New Synthetic Methodology of Hybrid Materials for Energy-Related Applications

Wednesday, 27 May 2015
Salon C (Hilton Chicago)
C. Herreros Lucas, A. N. Khlobystov, and M. D. C. Gimenez Lopez (University of Nottingham)
New hybrid nanomaterials are strictly required to meet the future energetic demand. In this context, supercapacitors are proposed as the ideal candidate to fill the energetic gap between batteries and conventional capacitors, showing higher power and energy density respectively [1]. Supercapacitos are based on two storage mechanism: i) electrochemical double layer, which relay on electric charge storage and ii) pseudocapacitance, which is associated with the surface redox processes at electrode materials. As the former has high cycling stability while the latter present higher capacitance, research is focused on combining materials which present both mechanisms.

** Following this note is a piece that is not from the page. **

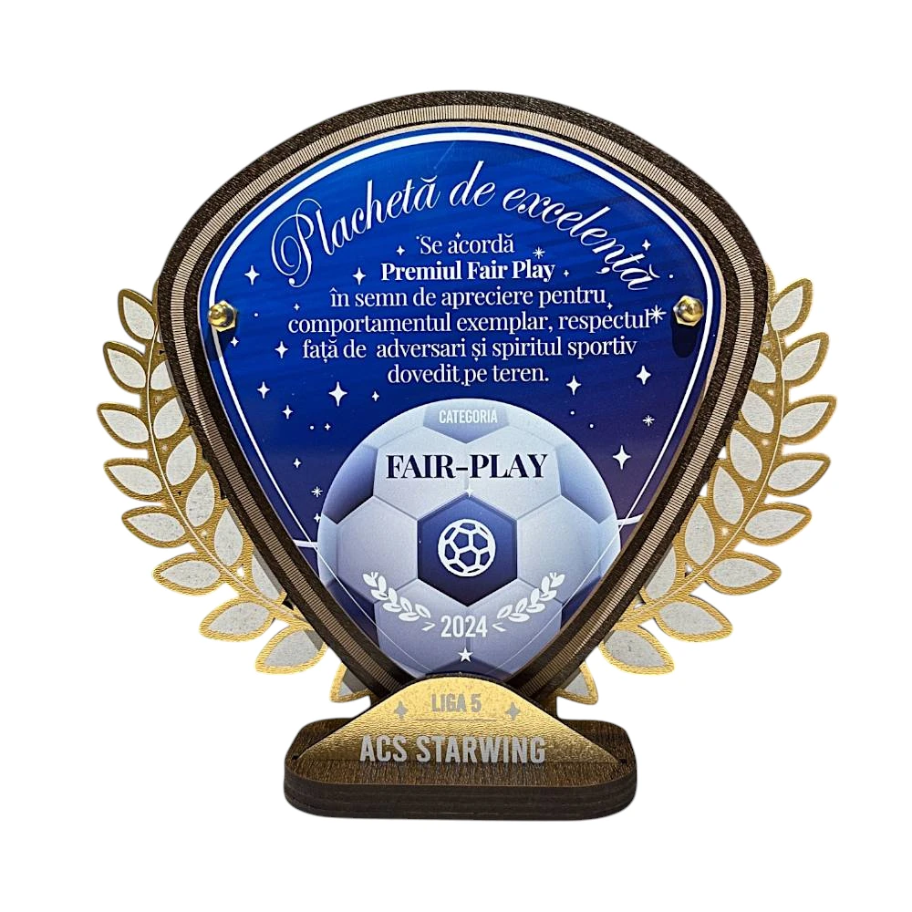 Acest trofeu combină materiale de înaltă calitate precum pfl wenge și plexiglas, cu detaliile vopsite în nuanțe de gold, oferind un aspect elegant și durabil. Dimensiunile de 21x23cm îl fac suficient de vizibil pentru a impresiona și a sta mândru în orice vitrină sau cameră dedicată trofeelor.

Nowadays, the widely used conventional approach is based on a physically mixture of both materials. Carbon nanostructures are currently the most used support material for electrochemical applications mainly due to their low cost and high surface area, directly related to electrochemical double layer. Thus, pseudocapacitance materials such as metal oxides nanoparticles are the active material combined with the carbon support, leading to a much better distribution and also increment of the electrochemical properties. However, simple mixing these two nanocomponents affords limited interactions between them, leaving a significant portion of the material electrochemically inactive. Therefore, new synthetic procedures must be developed if new hybrid materials want to be achieved [2,3]

Here, we report a novel one-step methodology for preparing hybrid metal-carbon nanostructures by using pre-treated carbon nanofibers as templates for directing the in-situ syntehsis of surfactante-stabilised manganese oxide nanoparticles selected as model system for studying the structure-energy storage capacity relationship of the obtained hybrid nanostructure by electrochemical means.

[1] Simon, P. et al., Nature Materials, 2008. 845(7): p. 275709. [2] Gimenez-Lopez M. C. et al., Angew Chem. Int. Ed. Engl., 2013. 52(7): p. 2051-4. [3] La Torre, A., et al., ACS Nano, 2012. 6(3): p. 2000-2007.